Required work:
Copy out all the lines of the data precisely, omitting any pictures.

[Provided material Boundary: Start]

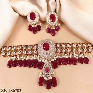 Elegant gold-toned choker set with ruby, red enamel, kundan and pearl detailing features a matching pair of earrings.
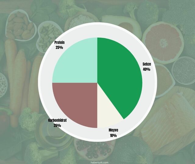 Harvard Üniversitesi'nin konu hakkında yaptığı çalışmaya göre yüzde 50'lik kısmını meyve ve sebzelerden oluşturmanız gerekiyor. Yüzde 40 sebze ve yüzde 10 meyveden oluşan bir oran doğru olacaktır.
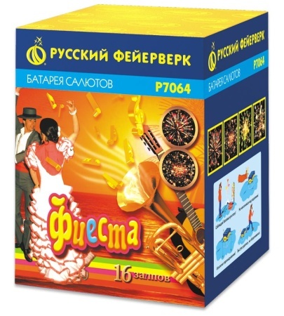 Батарея салютов РФ Фиеста 16 залпов калибром 0.8" высотой 35 метров
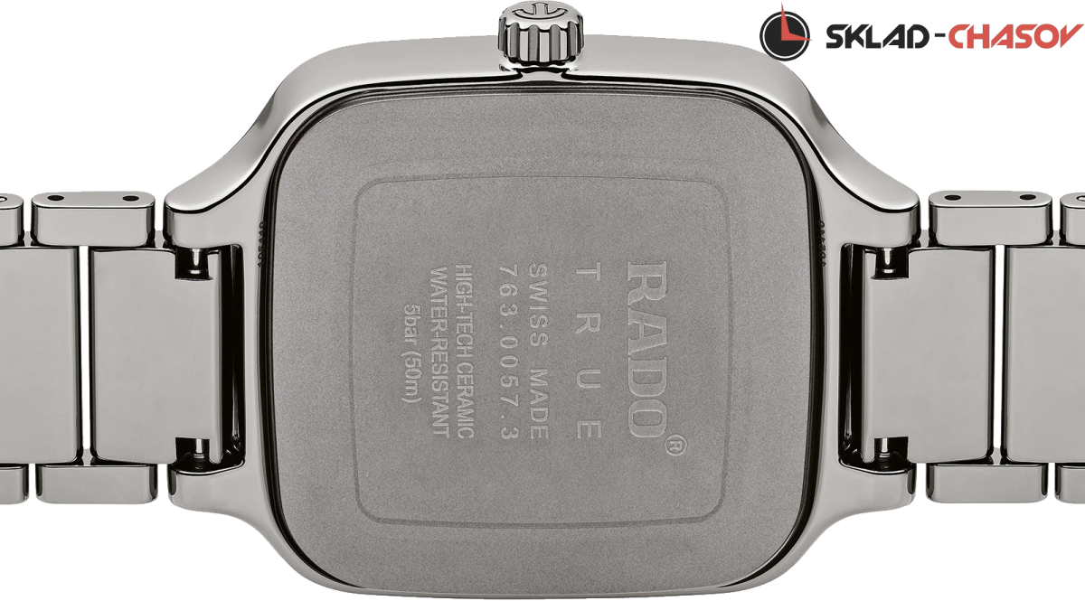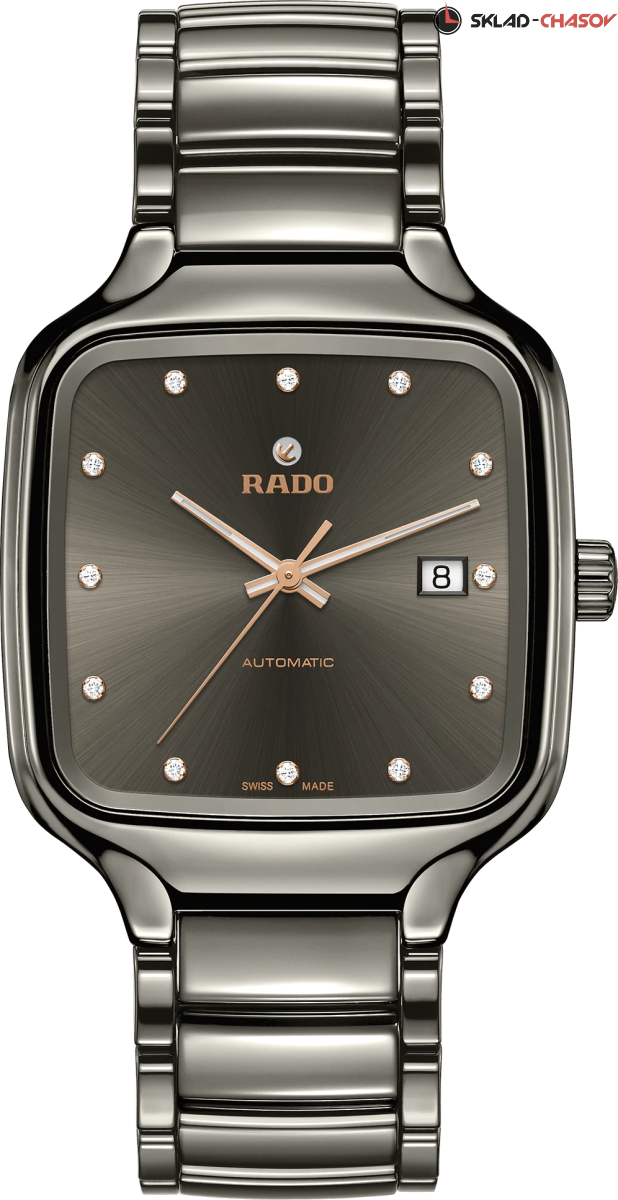 Модель True Square — это новый взгляд на знаменитую форму часов Rado. Первые часы в корпусе моноблок квадратной формы из высокотехнологичной керамики. 12 бриллиантов на циферблате (0.12ct). Апертура даты в районе 3 часов.

[Provided material Boundary: End]

Answer to this problem:
 Elegant gold-toned choker set with ruby, red enamel, kundan and pearl detailing features a matching pair of earrings.
 Harvard Üniversitesi'nin konu hakkında yaptığı çalışmaya göre yüzde 50'lik kısmını meyve ve sebzelerden oluşturmanız gerekiyor. Yüzde 40 sebze ve yüzde 10 meyveden oluşan bir oran doğru olacaktır.
 Батарея салютов РФ Фиеста 16 залпов калибром 0.8" высотой 35 метров
 Модель True Square — это новый взгляд на знаменитую форму часов Rado. Первые часы в корпусе моноблок квадратной формы из высокотехнологичной керамики. 12 бриллиантов на циферблате (0.12ct). Апертура даты в районе 3 часов.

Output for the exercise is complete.